Dans ce qui est peut-être l'aspect le plus remarquable du jugement, cependant, la Cour a décidé qu'outre l'ajout apporté à la période de préavis de 24 mois, l'affaire justifiait l'attribution de dommages-intérêts punitifs. Le juge de première instance a conclu que Keays avait fait l'objet de harcèlement et de discrimination de la part de son employeur. En termes très sévères, le juge a critiqué Honda pour avoir mis fin à l'emploi de Keays lorsque tout ce qu'il cherchait à obtenir était une mesure d'adaptation qui tiendrait compte de son handicap, comme c'était son droit en vertu du Code. Le juge a expressément noté que la pénalité maximale de 10 000 $ prévue par le Code ne s'approchait aucunement « [traduction] d'une répression et d'une dénonciation de la conduite outrageante et arbitraire de ce défendeur ». Considérant tous ces facteurs, la Cour a déclaré que la conduite de Honda méritait une « [traduction] dénonciation importante » et, en conséquence, elle a attribué des dommages-intérêts punitifs de 500 000 $.
L'effet de cette affaire pour les employeurs
On ne peut actuellement déterminer avec précision quel sera l'effet ultime de cette affaire pour les employeurs. Plusieurs s'inquiètent de la possibilité que le jugement ait pour effet d'entraîner un déluge de réclamations pour congédiement injustifié de la part d'employés cherchant à obtenir des dommages-intérêts sans limites. S'il est maintenu en appel, ce jugement fera certainement monter les enjeux dans plusieurs cas de congédiement injustifié. Cela pourrait aussi signaler qu'en certains cas, les plaignants s'adresseront aux tribunaux civils plutôt qu'aux commissions des droits de la personne afin d'obtenir des dommages-intérêts plus élevés. Tout dépendra de la décision de la Cour d'appel dans cette affaire.

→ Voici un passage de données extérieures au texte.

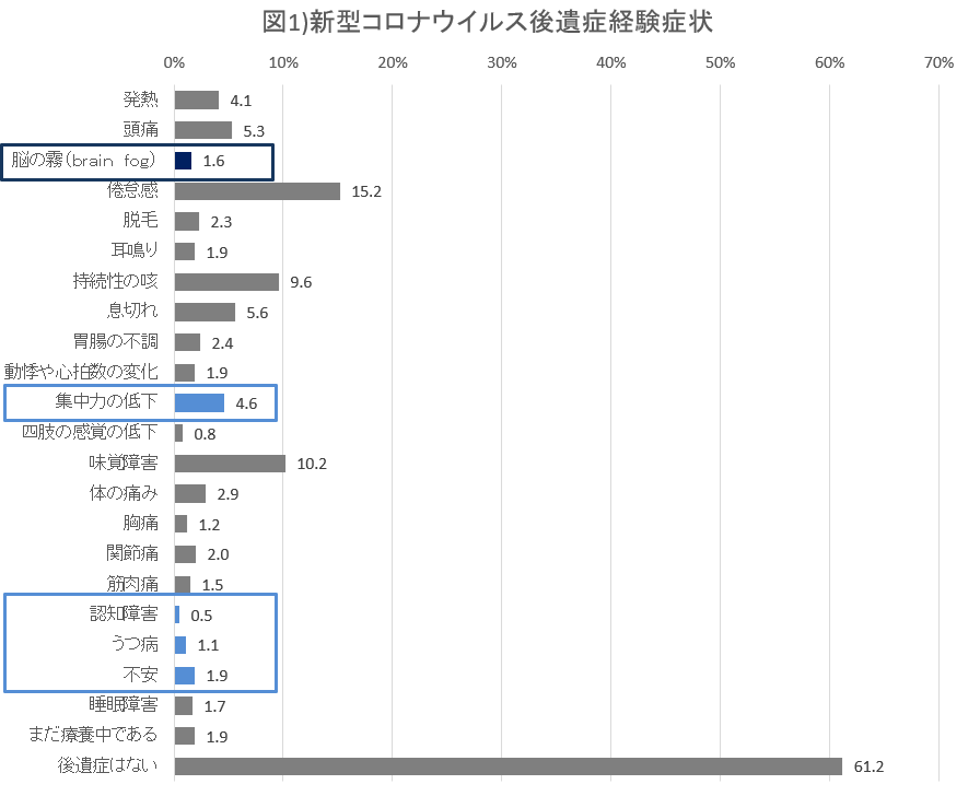 新型コロナウイルス感染症の後遺症におけるブレインフォグの割合

Entre-temps, la décision Honda met clairement en lumière le fait que l'omission d'accommoder des employés affligés d'une incapacité peut exposer les employeurs à des poursuites. Toutefois, ces derniers peuvent trouver une certaine consolation en considérant que la décision Honda est tout à fait inusitée. Les dommages-intérêts punitifs sont très rares dans la jurisprudence en droit du travail et, lorsqu'ils ont été accordés, ils dépassaient rarement 25 000 $. Cela est notamment vrai au Québec où les tribunaux sont généralement réticents à accorder des dommages punitifs; en vertu de l'article 1621 du Code civil du Québec, de tels dommages ne peuvent excéder, en valeur, le montant qui est suffisant pour assurer leur fonction préventive.
À l'opposé de la décision Honda, dans une décision récemment rendue M. le juge Scott Echlin de la Cour supérieure de justice de l'Ontario, Yanez v. Canac Kitchens ([2004] O.J. No. 5238), la Cour a fortement réprimandé les conseillers juridiques des plaignants pour avoir demandé sans discrimination des dommages-intérêts de type « Wallace » dans de trop nombreux cas. Selon la décision Yanez, des dommages-intérêts de type « Wallace » ne devraient être demandés que dans les cas où l'employeur a effectivement eu une conduite de mauvaise foi qui, par exemple, a eu pour effet d'humilier ou de gêner l'employé ou de l'abaisser dans sa propre estime. La Cour est allée jusqu'à dire qu'à l'avenir, les plaignants ne devraient pas être encouragés à demander des dommages-intérêts de type « Wallace » qui sont clairement injustifiés et qui n'auraient pas dû être demandés. Il est à espérer que cette affaire et d'autres qui reflètent une position similaire aideront à restreindre l'application de la décision Honda, au moins jusqu'à ce que la Cour d'appel de l'Ontario ait eu l'occasion de peser le pour et le contre de cette question.